START Excerpted data

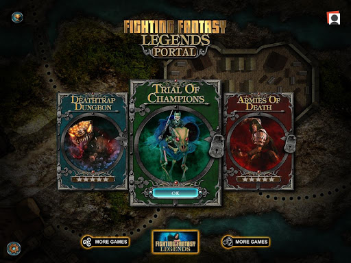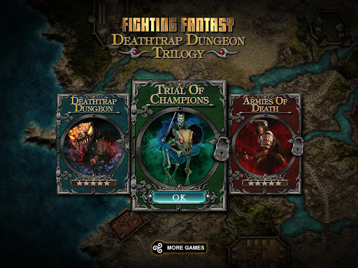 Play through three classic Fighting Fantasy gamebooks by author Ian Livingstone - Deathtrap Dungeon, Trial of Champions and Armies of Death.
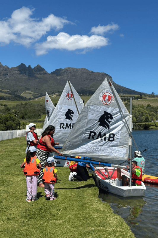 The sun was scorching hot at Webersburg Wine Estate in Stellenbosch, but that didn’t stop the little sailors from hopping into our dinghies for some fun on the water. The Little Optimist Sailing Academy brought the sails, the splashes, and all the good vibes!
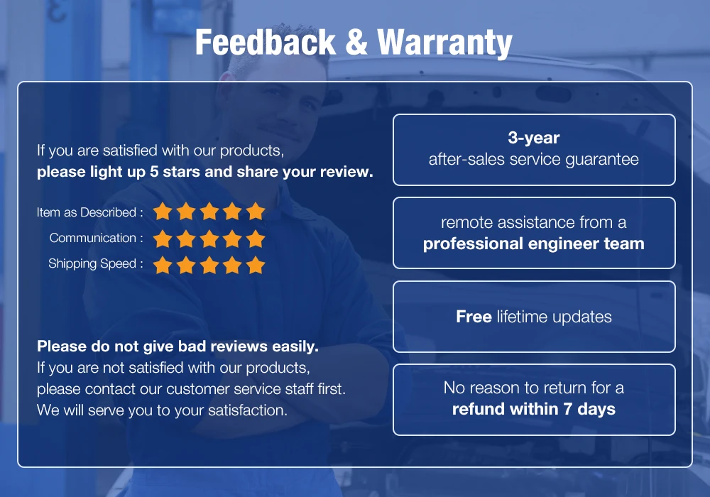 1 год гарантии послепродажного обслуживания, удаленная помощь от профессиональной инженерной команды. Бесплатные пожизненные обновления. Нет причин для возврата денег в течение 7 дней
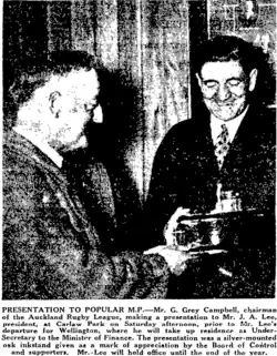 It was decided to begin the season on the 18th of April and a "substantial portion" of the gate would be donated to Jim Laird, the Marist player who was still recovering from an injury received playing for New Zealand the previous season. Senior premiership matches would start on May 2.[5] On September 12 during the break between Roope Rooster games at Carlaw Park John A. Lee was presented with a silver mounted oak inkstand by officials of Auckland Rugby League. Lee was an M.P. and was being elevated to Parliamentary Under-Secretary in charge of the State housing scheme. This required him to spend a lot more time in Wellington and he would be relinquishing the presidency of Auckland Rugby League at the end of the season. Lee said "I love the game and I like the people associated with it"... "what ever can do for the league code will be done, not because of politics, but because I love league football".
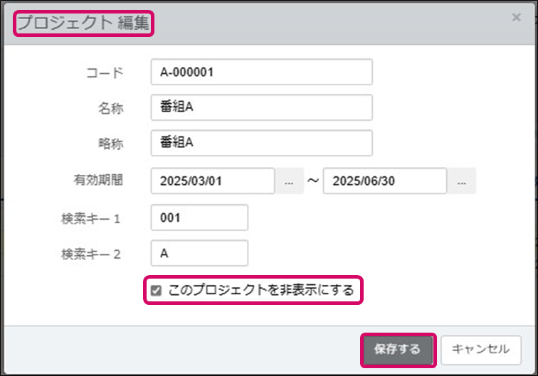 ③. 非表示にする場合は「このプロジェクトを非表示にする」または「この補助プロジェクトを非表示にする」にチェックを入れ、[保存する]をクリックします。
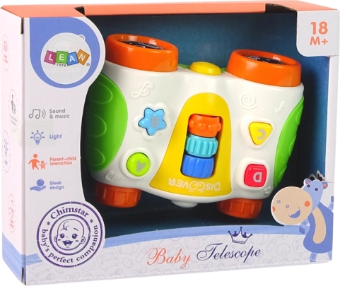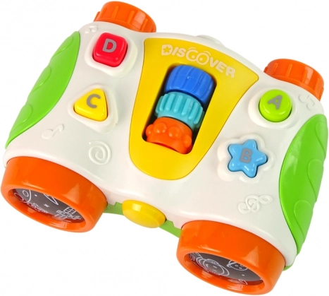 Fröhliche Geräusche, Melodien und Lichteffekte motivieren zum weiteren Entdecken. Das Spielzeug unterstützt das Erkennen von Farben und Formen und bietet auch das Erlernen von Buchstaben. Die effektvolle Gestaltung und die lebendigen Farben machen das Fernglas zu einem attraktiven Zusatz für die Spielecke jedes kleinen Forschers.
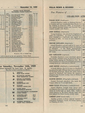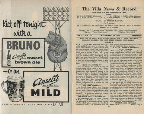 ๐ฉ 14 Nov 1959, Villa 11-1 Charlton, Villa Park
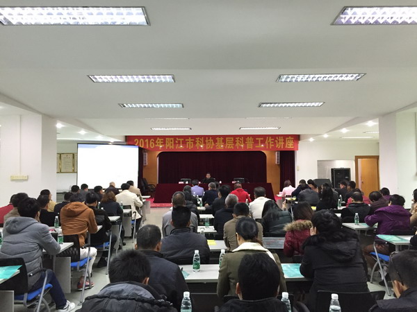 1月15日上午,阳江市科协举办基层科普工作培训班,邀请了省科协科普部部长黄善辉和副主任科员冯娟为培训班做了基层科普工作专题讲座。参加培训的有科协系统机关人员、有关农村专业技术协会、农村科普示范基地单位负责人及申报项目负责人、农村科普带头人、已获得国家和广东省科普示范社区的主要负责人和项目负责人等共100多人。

END Excerpted data
START Excerpted data

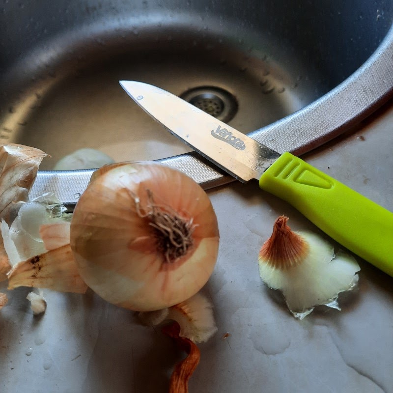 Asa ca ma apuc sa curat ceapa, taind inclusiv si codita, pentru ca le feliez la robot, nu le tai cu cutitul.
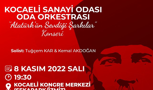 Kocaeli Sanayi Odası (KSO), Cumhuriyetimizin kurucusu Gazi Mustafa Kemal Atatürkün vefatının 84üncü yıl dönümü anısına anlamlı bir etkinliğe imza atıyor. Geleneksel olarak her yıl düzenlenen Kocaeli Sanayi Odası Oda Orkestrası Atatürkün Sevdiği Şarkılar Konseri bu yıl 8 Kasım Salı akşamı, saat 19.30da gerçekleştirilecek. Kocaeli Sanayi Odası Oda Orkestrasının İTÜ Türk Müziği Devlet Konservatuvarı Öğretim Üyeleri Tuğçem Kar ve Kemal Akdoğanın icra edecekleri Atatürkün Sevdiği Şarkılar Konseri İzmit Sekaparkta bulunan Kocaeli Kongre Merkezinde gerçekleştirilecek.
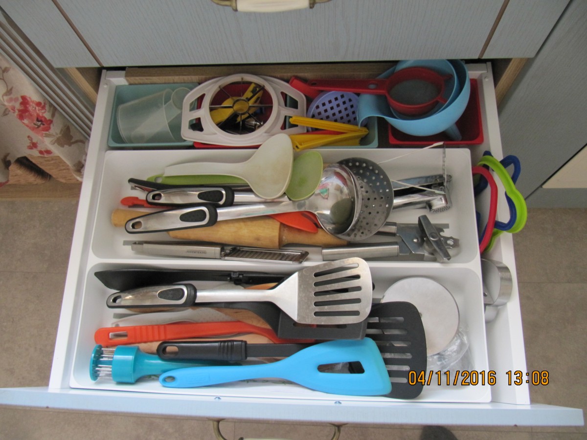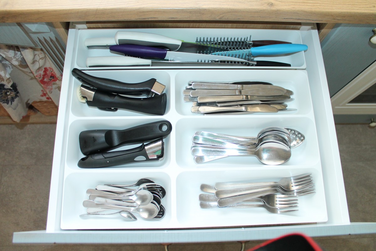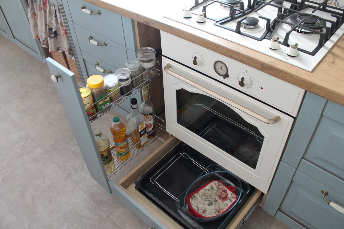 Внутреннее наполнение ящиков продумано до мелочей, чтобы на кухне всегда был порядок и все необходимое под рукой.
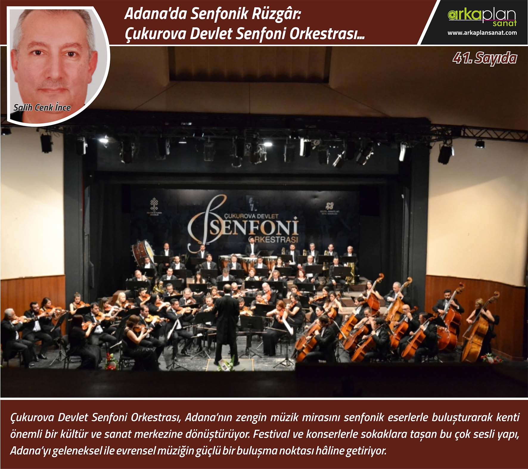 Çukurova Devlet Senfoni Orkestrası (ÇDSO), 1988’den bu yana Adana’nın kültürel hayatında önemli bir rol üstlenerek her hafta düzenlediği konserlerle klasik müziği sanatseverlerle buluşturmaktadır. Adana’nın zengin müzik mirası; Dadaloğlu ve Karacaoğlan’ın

END Excerpted data

Repeat exactly the lines above, beginning at the one containing "③. 非表示にする場合は「こ" and ending at the one containing "1月15日上午,阳江市科协举". Do not carry over any pictures.

> **Your solution**
 ③. 非表示にする場合は「このプロジェクトを非表示にする」または「この補助プロジェクトを非表示にする」にチェックを入れ、[保存する]をクリックします。
 Fröhliche Geräusche, Melodien und Lichteffekte motivieren zum weiteren Entdecken. Das Spielzeug unterstützt das Erkennen von Farben und Formen und bietet auch das Erlernen von Buchstaben. Die effektvolle Gestaltung und die lebendigen Farben machen das Fernglas zu einem attraktiven Zusatz für die Spielecke jedes kleinen Forschers.
 ๐ฉ 14 Nov 1959, Villa 11-1 Charlton, Villa Park
 1月15日上午,阳江市科协举办基层科普工作培训班,邀请了省科协科普部部长黄善辉和副主任科员冯娟为培训班做了基层科普工作专题讲座。参加培训的有科协系统机关人员、有关农村专业技术协会、农村科普示范基地单位负责人及申报项目负责人、农村科普带头人、已获得国家和广东省科普示范社区的主要负责人和项目负责人等共100多人。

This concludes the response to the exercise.